Knowledge Graph

Richard Hoggart

1918 – 2014 · English
#cultural-studies#class#literacy#adult-education#media

English writer and educator whose single influential book — The Uses of Literacy (1957) — and single institutional act — founding the Centre for Contemporary Cultural Studies at Birmingham in 1964 — between them did more than anything else to make a working-class English upbringing a legitimate object of serious academic attention. Orphaned by ten and raised by a grandmother in the back streets of Hunslet, Leeds, he came up through a grammar school and Leeds University on scholarship, fought in North Africa and Italy with the Royal Artillery, and spent a formative decade after the war teaching in the adult-education extramural department at Hull — the same provincial, serious, WEA-adjacent world that shaped Raymond Williams and, in his way, E.P. Thompson.

The Uses of Literacy is two books joined at the hip.
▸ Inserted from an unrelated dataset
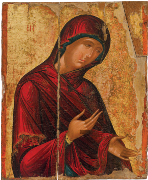
Παναγία Δεόμενη - Αρχές 16ου αιώνα - Κάτω Αρχιμανδρίτα, ναός Χρυσελευούσης

The first half is a loving reconstruction of the culture of "the older order" — the Hunslet of his childhood in the 1920s and 30s, its kitchens and pubs and Peg's Paper and Sunday outings, its values of decency, neighbourliness, and the deep scepticism-of-betters that counted as working-class intelligence. The second half is an alarmed assessment of what the commercial mass press, picture papers, and Hollywood-inflected "candy-floss world" were doing to that culture in the 1950s. The combination — insider's ethnography plus Leavisite moral protest — was new, and it opened up territory that literary criticism had no tools for. He appeared in 1960 as a defence witness at the Lady Chatterley obscenity trial, where his testimony that the novel was "highly virtuous, almost puritanical" helped acquit Penguin and end literary censorship in Britain.

Under Hoggart the Birmingham CCCS was still close in spirit to Uses of Literacy — moral, humanist, suspicious of Continental theory; it was Stuart Hall who, taking over in 1968, turned it toward Gramsci, Althusser, structuralism, and race. Hoggart himself moved on, serving as UNESCO's Assistant Director-General from 1971 to 1975 and spending his later career on adult education, public broadcasting, and the literacy of democratic citizenship. His autobiography in three volumes (A Local Habitation, A Sort of Clowning, An Imagined Life) is among the best English accounts of a 20th-century scholarship-boy trajectory, and the phrase "scholarship boy" itself — the uprooted grammar-school survivor caught between his parents' world and the university's — is his coinage, still doing work.